◆ EXERCISE AIM: Word for word, restate the lines of the data below between those holding "公牛(BULL)LED节能护眼灯泡 E27螺口 12W 白光" and "Dimoderatori oleh Ketua", inclusive; pictures do not belong in the copy.

◆ DATA FOR PROCESSING:
===============
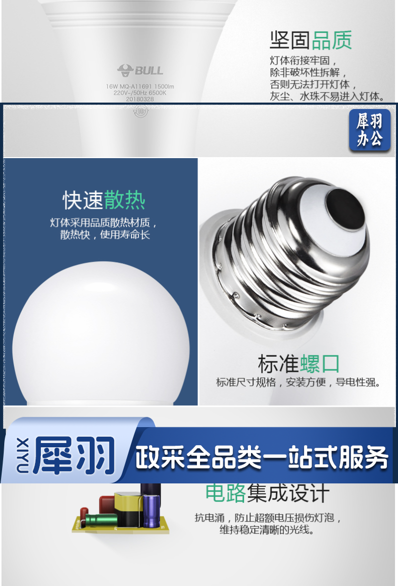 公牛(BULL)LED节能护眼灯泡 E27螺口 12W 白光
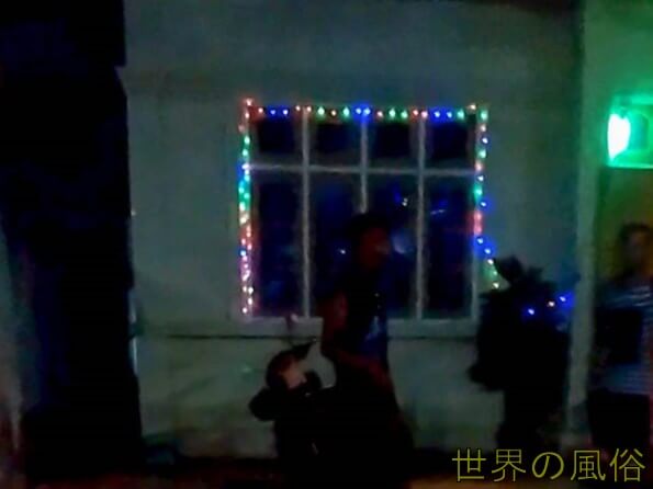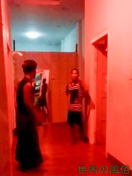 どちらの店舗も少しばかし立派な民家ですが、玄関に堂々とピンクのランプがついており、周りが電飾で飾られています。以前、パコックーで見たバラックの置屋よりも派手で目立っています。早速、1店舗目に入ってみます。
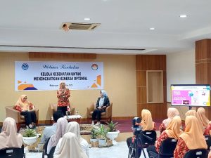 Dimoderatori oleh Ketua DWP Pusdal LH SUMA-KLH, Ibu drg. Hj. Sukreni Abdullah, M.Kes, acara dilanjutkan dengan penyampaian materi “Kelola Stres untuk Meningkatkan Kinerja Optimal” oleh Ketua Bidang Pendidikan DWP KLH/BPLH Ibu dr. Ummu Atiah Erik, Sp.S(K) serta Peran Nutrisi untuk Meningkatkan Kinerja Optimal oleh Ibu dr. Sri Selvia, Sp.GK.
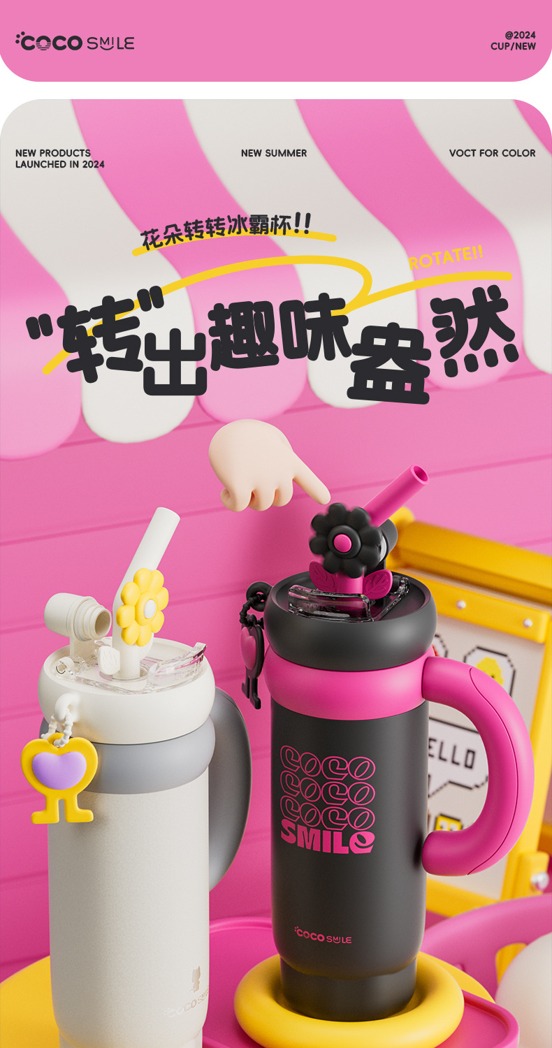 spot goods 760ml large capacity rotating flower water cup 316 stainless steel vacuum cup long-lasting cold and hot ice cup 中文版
===============
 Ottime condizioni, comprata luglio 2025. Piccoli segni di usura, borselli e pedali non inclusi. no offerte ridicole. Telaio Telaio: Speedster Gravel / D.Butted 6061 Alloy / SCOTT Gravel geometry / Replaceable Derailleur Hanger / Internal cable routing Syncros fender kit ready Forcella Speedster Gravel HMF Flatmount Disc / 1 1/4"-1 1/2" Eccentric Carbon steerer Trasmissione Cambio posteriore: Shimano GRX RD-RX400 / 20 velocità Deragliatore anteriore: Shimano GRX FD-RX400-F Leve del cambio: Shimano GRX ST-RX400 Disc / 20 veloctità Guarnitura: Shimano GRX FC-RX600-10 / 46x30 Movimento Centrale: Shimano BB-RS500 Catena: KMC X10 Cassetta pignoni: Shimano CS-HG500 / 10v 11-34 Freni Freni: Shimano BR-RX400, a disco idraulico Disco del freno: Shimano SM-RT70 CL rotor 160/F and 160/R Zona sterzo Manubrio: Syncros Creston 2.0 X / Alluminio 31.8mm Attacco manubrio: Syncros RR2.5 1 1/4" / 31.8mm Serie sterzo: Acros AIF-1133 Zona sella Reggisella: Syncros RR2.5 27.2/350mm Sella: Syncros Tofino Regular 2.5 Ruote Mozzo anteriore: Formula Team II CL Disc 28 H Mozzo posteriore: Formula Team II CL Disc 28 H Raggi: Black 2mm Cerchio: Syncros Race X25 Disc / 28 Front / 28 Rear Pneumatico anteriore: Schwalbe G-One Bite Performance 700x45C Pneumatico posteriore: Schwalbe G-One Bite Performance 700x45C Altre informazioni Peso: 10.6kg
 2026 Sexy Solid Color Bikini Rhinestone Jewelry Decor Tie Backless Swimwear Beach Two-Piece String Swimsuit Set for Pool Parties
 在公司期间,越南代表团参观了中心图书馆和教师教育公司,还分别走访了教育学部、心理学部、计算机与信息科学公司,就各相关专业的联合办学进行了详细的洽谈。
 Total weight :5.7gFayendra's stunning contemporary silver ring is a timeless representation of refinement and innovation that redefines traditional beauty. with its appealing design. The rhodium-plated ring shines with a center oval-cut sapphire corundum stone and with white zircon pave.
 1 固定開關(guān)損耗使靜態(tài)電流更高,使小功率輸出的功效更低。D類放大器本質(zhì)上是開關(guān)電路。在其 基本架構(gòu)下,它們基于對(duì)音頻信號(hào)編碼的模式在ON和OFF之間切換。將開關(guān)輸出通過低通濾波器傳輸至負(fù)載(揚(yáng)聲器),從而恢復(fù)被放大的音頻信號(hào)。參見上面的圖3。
===============
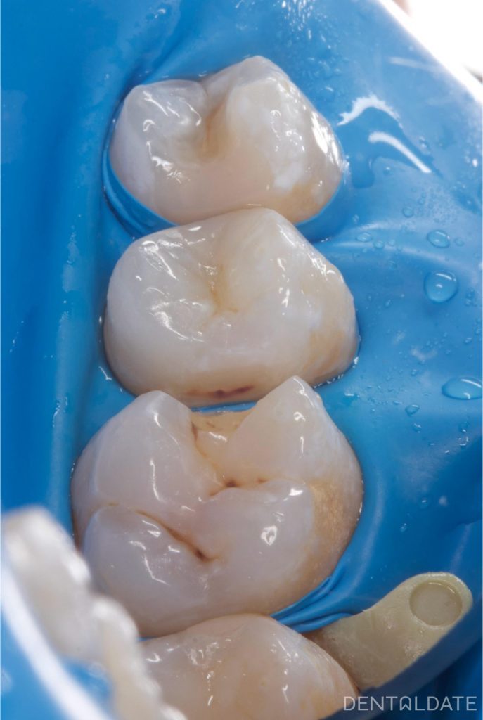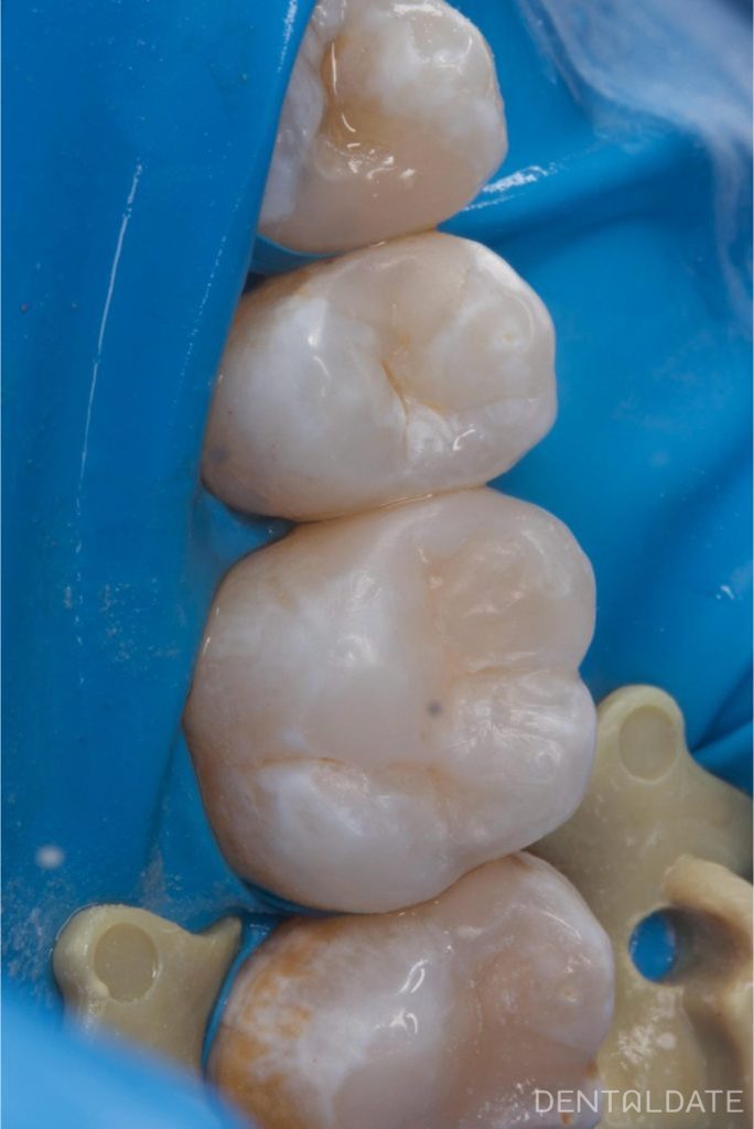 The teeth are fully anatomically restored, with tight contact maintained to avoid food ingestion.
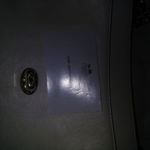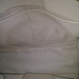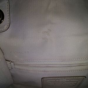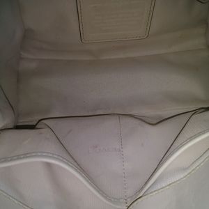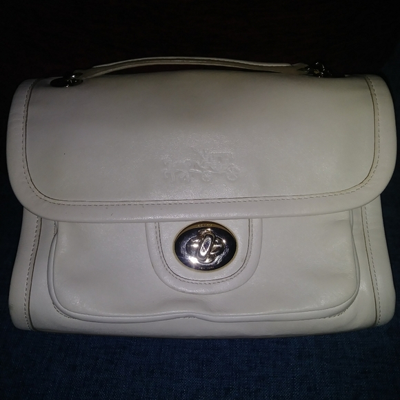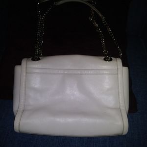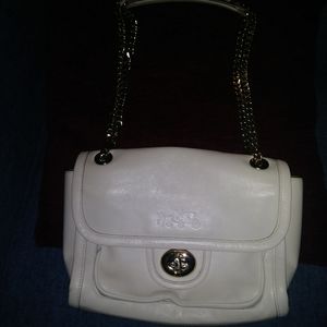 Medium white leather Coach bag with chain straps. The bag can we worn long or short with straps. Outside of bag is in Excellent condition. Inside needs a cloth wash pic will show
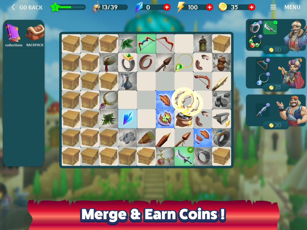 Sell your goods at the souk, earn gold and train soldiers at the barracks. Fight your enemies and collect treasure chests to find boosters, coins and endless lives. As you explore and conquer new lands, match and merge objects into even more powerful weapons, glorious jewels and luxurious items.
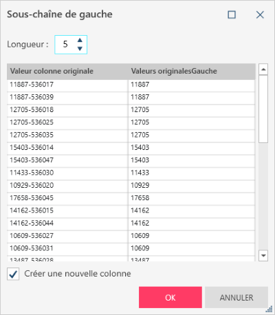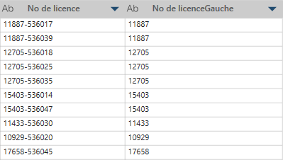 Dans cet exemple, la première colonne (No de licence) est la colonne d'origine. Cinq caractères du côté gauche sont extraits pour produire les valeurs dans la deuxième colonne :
===============
◆ TASK RESULT:
 公牛(BULL)LED节能护眼灯泡 E27螺口 12W 白光
 どちらの店舗も少しばかし立派な民家ですが、玄関に堂々とピンクのランプがついており、周りが電飾で飾られています。以前、パコックーで見たバラックの置屋よりも派手で目立っています。早速、1店舗目に入ってみます。
 Dimoderatori oleh Ketua DWP Pusdal LH SUMA-KLH, Ibu drg. Hj. Sukreni Abdullah, M.Kes, acara dilanjutkan dengan penyampaian materi “Kelola Stres untuk Meningkatkan Kinerja Optimal” oleh Ketua Bidang Pendidikan DWP KLH/BPLH Ibu dr. Ummu Atiah Erik, Sp.S(K) serta Peran Nutrisi untuk Meningkatkan Kinerja Optimal oleh Ibu dr. Sri Selvia, Sp.GK.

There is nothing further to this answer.